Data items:
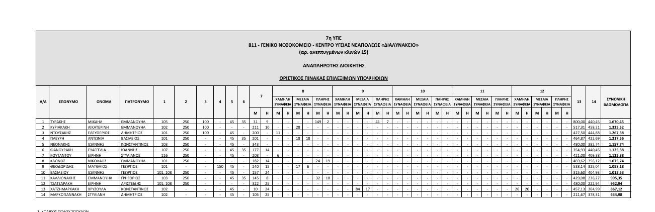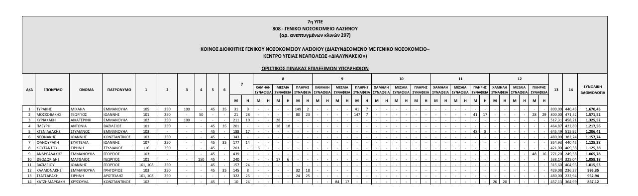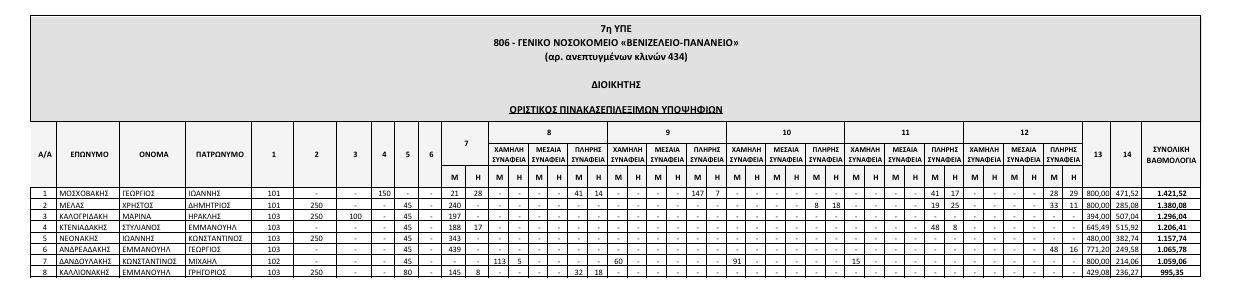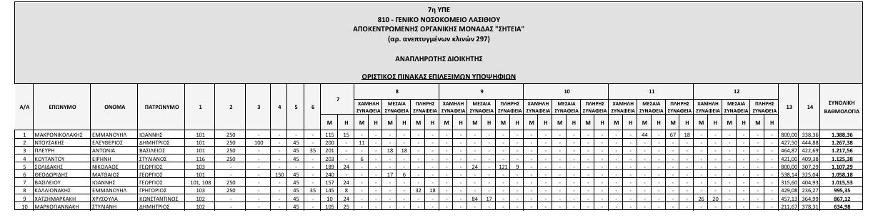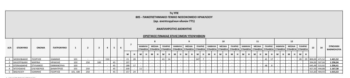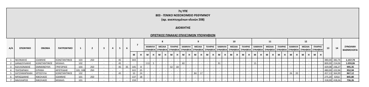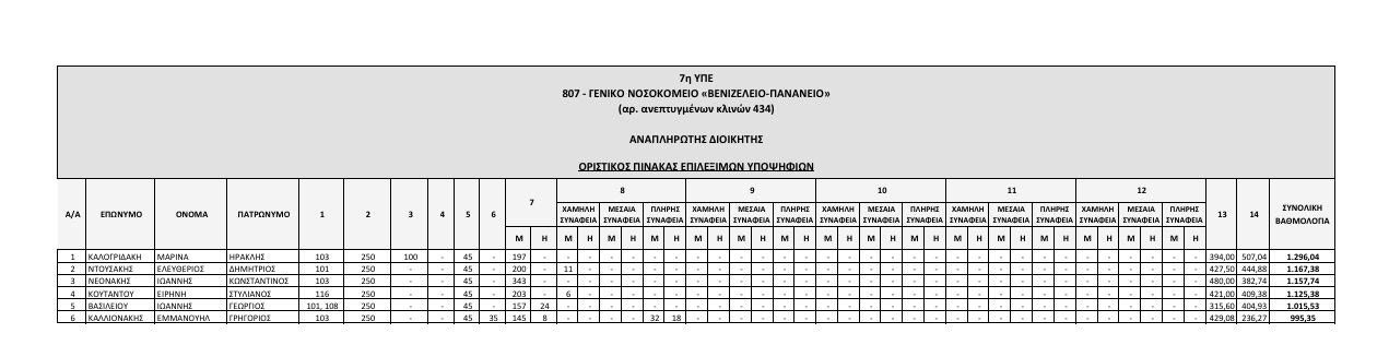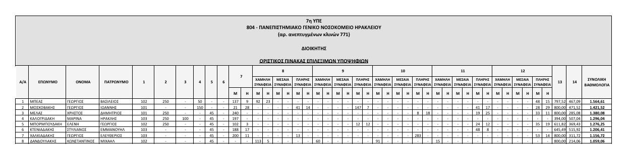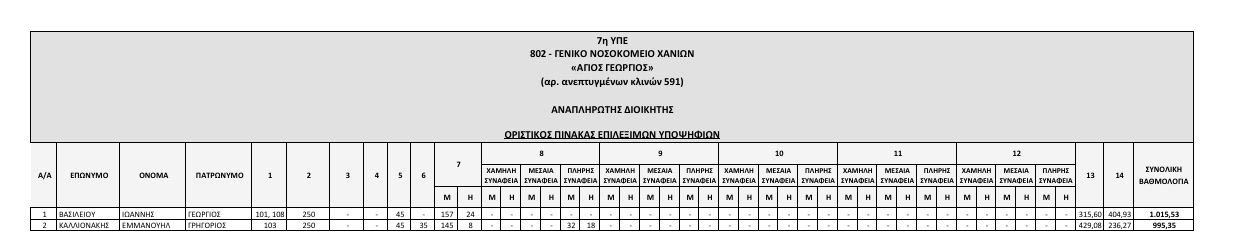 Αναρτήθηκαν από το ΑΣΕΠ οι οριστικοί πίνακες των υποψηφίων που αποκλείονται λόγω έλλειψης των απαιτούμενων προσόντων, και των επιλέξιμων υποψηφίων που διαθέτουν τα απαραίτητα προσόντα, για την κάλυψη θέσεων Διοικητών και Αναπληρωτών Διοικητών Νοσοκομείων της 7ης ΥΠΕ Κρήτης.
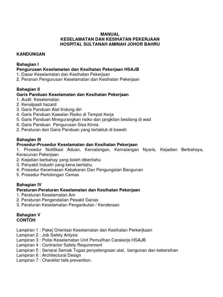 Adalah menjadi polisi keselamatan dan kesihatan pekerjaan syarikat abc sedap sdn bhd iaitu kami bersama sama para pekerja abc sedap sdn bhd akan selalu berusaha untuk mengekalkan dan memastikan tempat bekerja kami berada di dalam keadaan yang selamat dan sihat pada sepanjang masa. Aras 5 kaunter utama blok d4 kompleks d pusat pentadbiran kerajaan persekutuan 62530 putrajaya. Peranan keselamatan dan kesihatan pekerjaan di malaysia telah bermula sejak 120 tahun yang lalu iaitu pada akhir abad ke 19. Manual keselamatan dan kesihatan pekerjaan hospital sultanah aminah johor bahru.
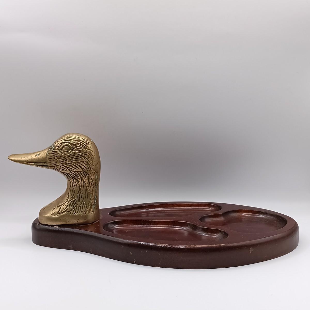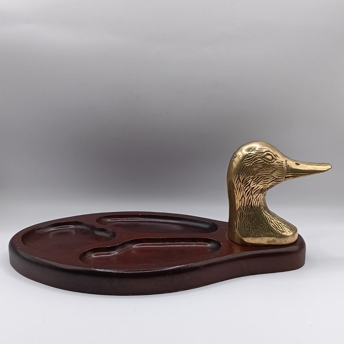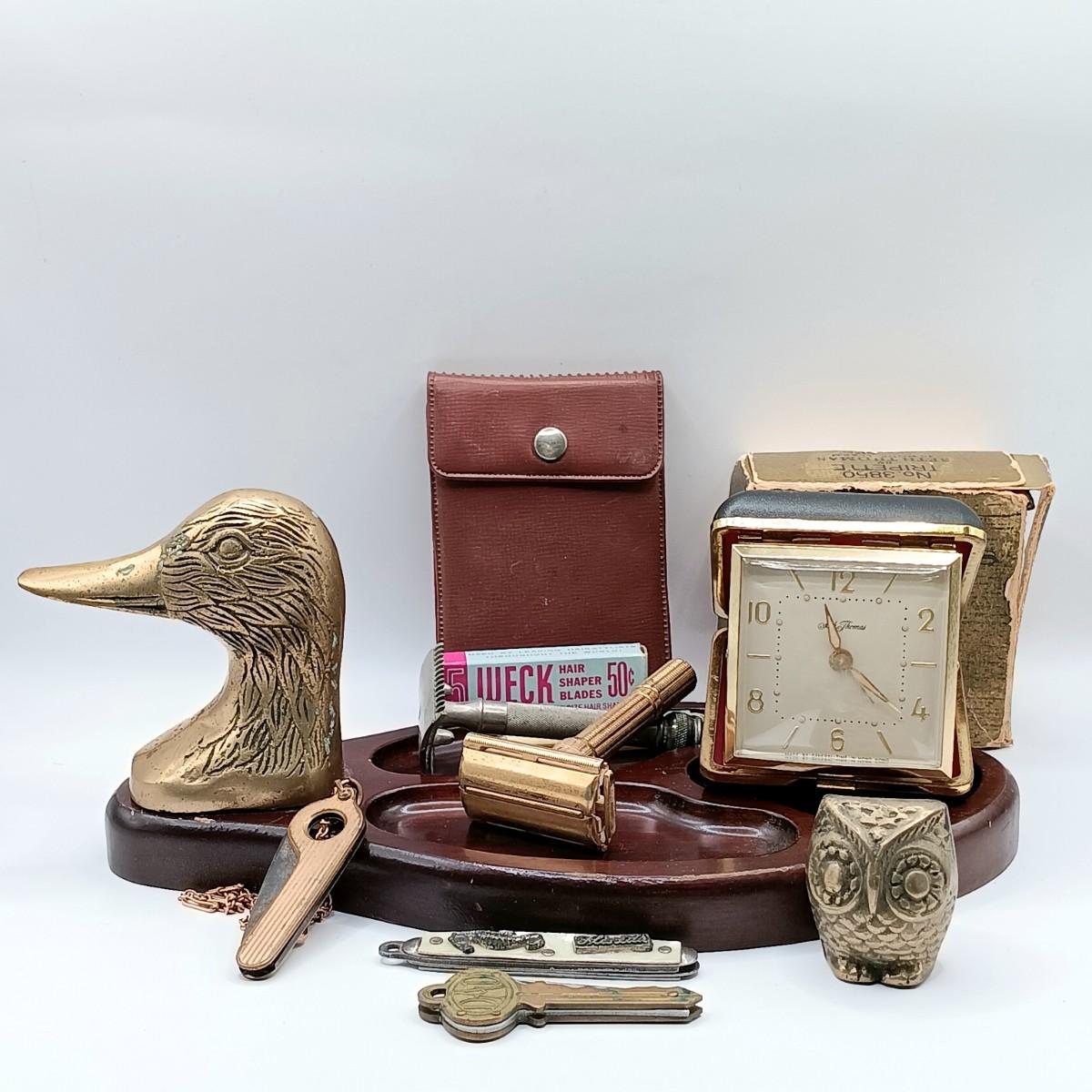 LOT 108: Wood Valet with Brass Duck Head, 1930s Gillette Oxford Safety Razor, Small Brass Owl Figurine & More
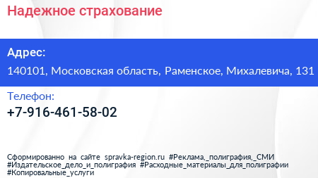 Надежное страхование по адресу 140101, Московская область, Раменское, Михалевича, 131 в дальнейшем Организация, размещена в следующих категориях:
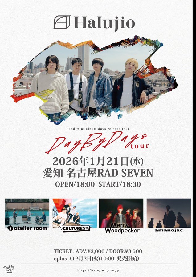 2026/1/21(水)にRAD SEVEN(名古屋)で行われるHalujio 2nd mini album「days」release tour “DayByDays tour”のチケット情報ページです。会場情報、開演時間や料金を確認し、Halujio 2nd mini album「days」release tour ...
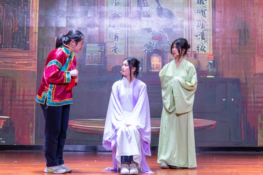 双语部的同学们在舞台上呈现了经典的课本剧表演。将《红楼梦》《琵琶行》《孔雀东南飞》《鸿门宴》等经典文学作品搬上舞台,同学们穿越时空的长廊,走进浩瀚璀璨的中国文化宝库,探寻那些深深镌刻在典籍里的中国故事。通过身临其境的表演,同学们也感受到中华民族深厚的文化底蕴,领略那份穿越千年的独特魅力。
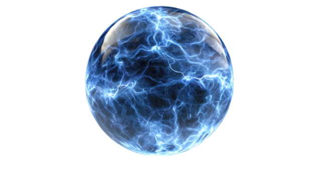 Glowing blue energy sphere pulsing with electric currents, radiating dynamic power against transparent backdrop
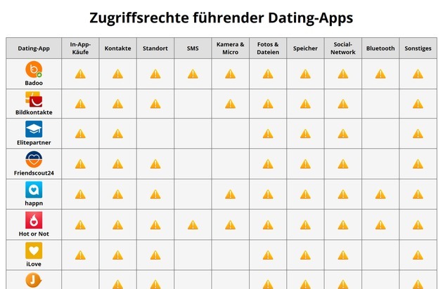 Die Experten von www.singleboersen-vergleich.de haben 15 Dating-Apps für Android im deutschsprachigen Raum auf ihr Risikopotenzial analysiert, unter anderem Badoo, Tinder, PARSHIP, ElitePartner, Friendscout24, Zoosk und Lovoo.
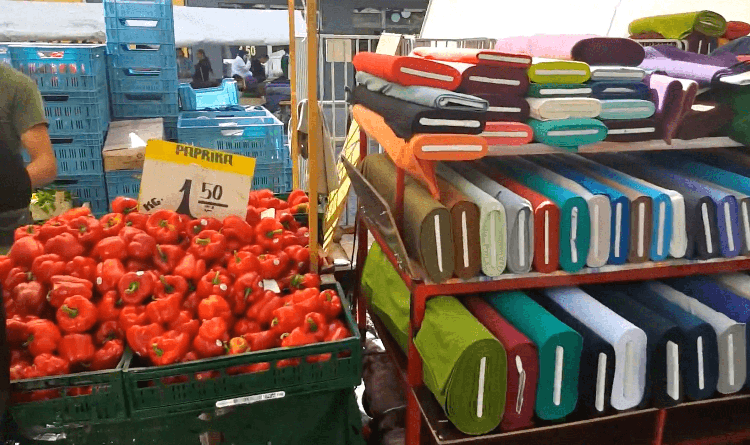 Wow! What a mish-mash of fruit and veggies and food stalls. The breads and dips and spreads and olives tasted like heaven, according to the queen. And then there were hats and scarves and other accessories and oodles and oodles of fabric.
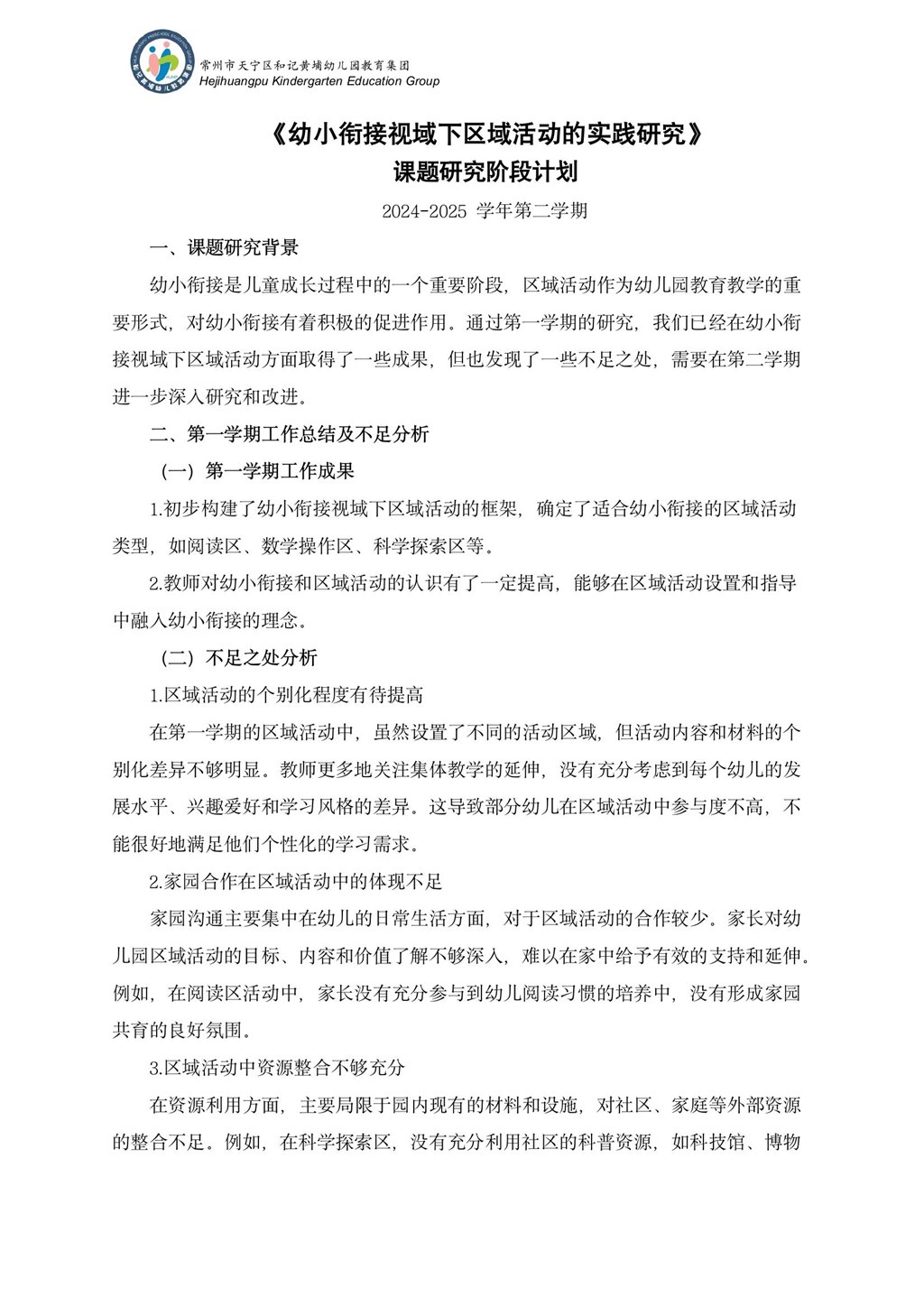 【计划总结】《幼小衔接视域下区域活动的实践研究》 课题研究阶段计划(2024-2025学年第二学期)
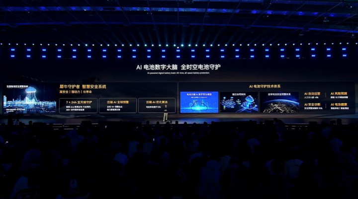 动力电池搭载AI电池数字大脑,为电池提供7*24h全天候守护,确保电池高安全、行车强动力以及电池长寿命。
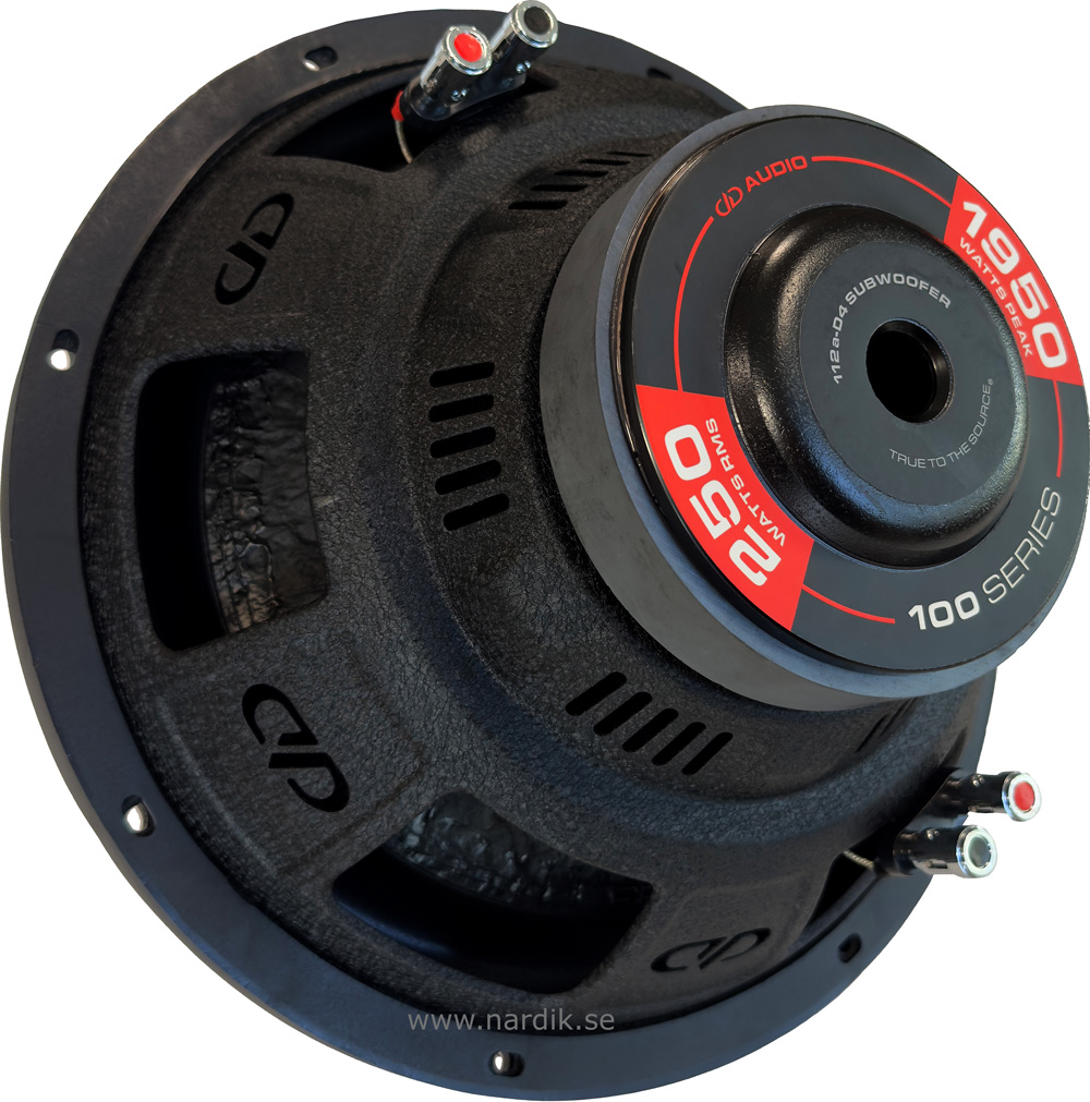 DD Audio 12" långslagig bashögtalare. 250 Watt RMS, 1950 Watt max. Dubbla talspolar 2 x 4Ω. Optimerad för ljudtryck i basreflexlåda 22-56 liter. Tokbilligt för denna bas! Pris för 1 styck
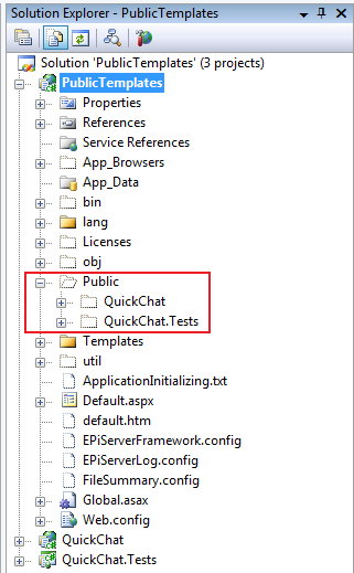 The module is created as a separate project below the “public” folder of the EPiServer site. As an alternative to creating a separate project you can add you gadget to the existing PublicTemplatest project, please see the Develop gadgets in public templates project section for more information.
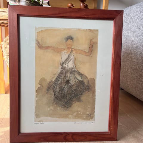 Elegant og minimalistisk kunstplakat med det ikoniske værk Dancing Figure af den berømte franske billedhugger Auguste Rodin. Motivet er et yndefuldt, lettegnet danserstudie i varme toner – både kunstnerisk og stilrent.
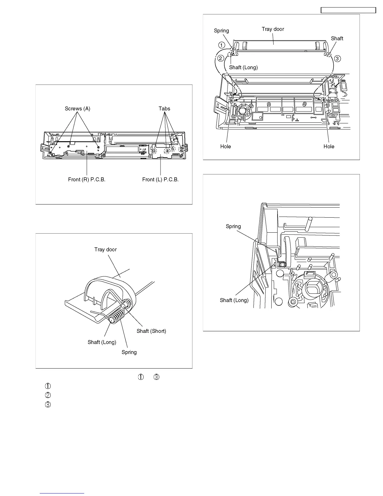 1. Remove 3 screws (A) and tab to remove Front (R) P.C.B..
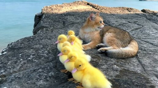 Видео: кошка заботится об утятах и выводит их на прогулку
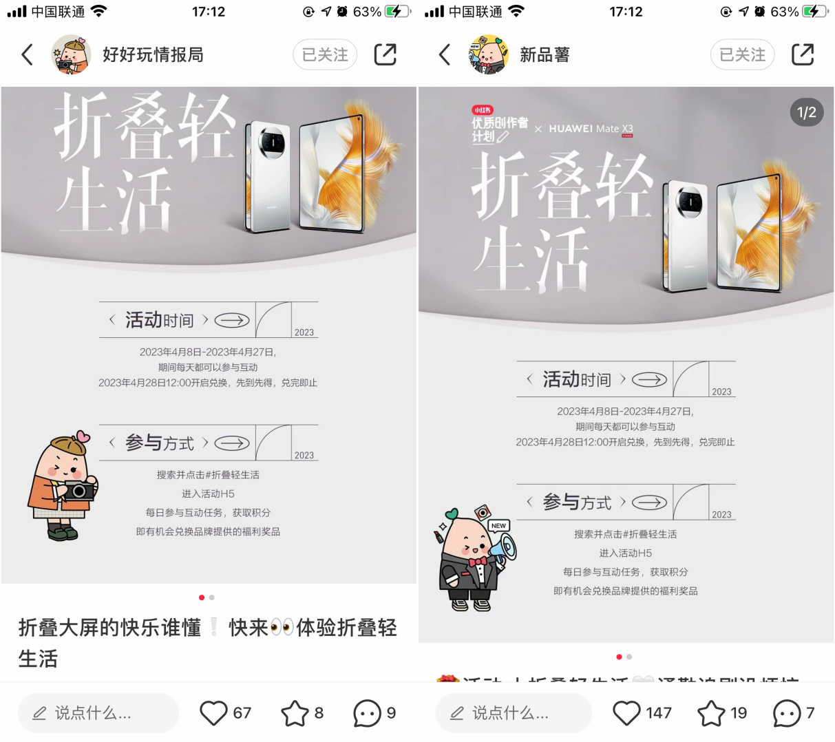 本次活动由小红书两大官号@新品薯和@好好玩情报局联合品牌官方号@华为终端共同官宣,发起#折叠轻生活 话题活动,号召用户参与 H5 打卡活动。积分任务同步上线,多重互动全方位构建品牌体验,打响营销第一枪。

| WHAT NEEDS TO BE DONE |
Transcribe exactly the lines above, beginning at the one with "Wow! What a" and going up to and including the one with "动力电池搭载AI电池数字大脑". Pictures do not belong in the copy.

| ANSWER TO THIS EXERCISE |
 Wow! What a mish-mash of fruit and veggies and food stalls. The breads and dips and spreads and olives tasted like heaven, according to the queen. And then there were hats and scarves and other accessories and oodles and oodles of fabric.
 【计划总结】《幼小衔接视域下区域活动的实践研究》 课题研究阶段计划(2024-2025学年第二学期)
 动力电池搭载AI电池数字大脑,为电池提供7*24h全天候守护,确保电池高安全、行车强动力以及电池长寿命。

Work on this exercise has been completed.